The need for improved disease surveillance systems to assist policy makers in making informed decisions was also highlighted by Dr Rahman, the head of International Livestock Research Institute for India.
Dr Mamta Dhawan implored all to collaborate so that a beginning could be made through small pilots in different states of India that could be replicated and scaled up once a successful model is identified.
A key outcome of the workshops was a call to target policy makers up to the highest level to create engagement and collaboration using a narrative from a human health perspective to make a compelling case for an integrated ‘One Health’ approach to control taeniasis and cysticercosis.

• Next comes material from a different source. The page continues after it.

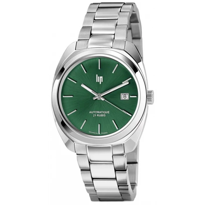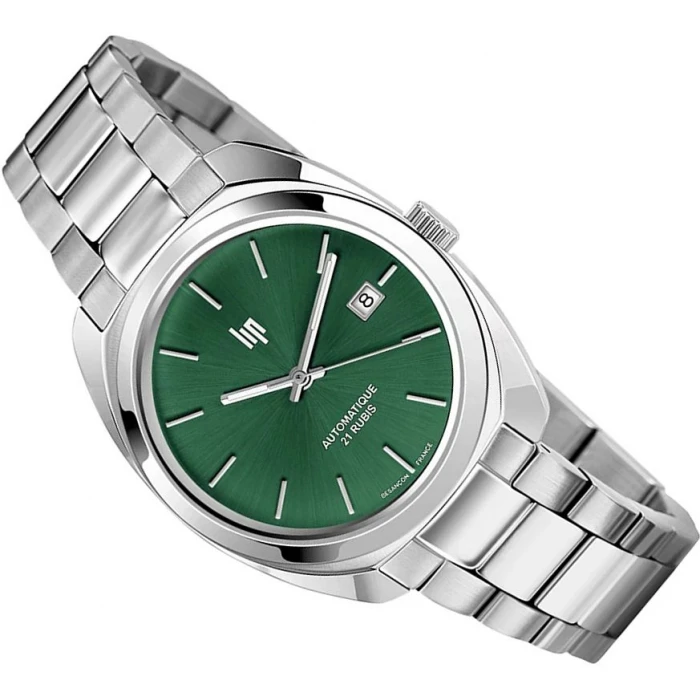 Lip 671369 to nowa wersja flagowego modelu francuskiego producenta, którego pierwsza odsłona miała miejsce w latach 60 XX-wieku i została podarowana generałowi de Gaulle'owi. Elegancki, stalowy męski zegarek z zieloną tarczą dekorowaną szlifem słonecznym.

Raising public awareness of the disease, its prevalence, transmission and control was also emphasised. It is this awareness that will raise demand for vaccines and dewormers and encourage manufacturers to maintain vaccine production with the overall objective of improving animal health and ultimately human health.
Commenting on the success of the meetings, Lois Muraguri, GALVmed’s Director of Policy and External Affairs, said: “The information and knowledge gained from these presentations and discussions has encouraged taeniasis and cysticercosis stakeholders to uphold a One Health approach as a viable option for the control of porcine cysticercosis and neurocysticercosis.
“I feel the delegates have gone away empowered to explore opportunities for overcoming the challenges by embracing a One Health approach and collaborating in finding integrated practical solutions for taeniasis and cysticercosis control in Africa and South Asia.”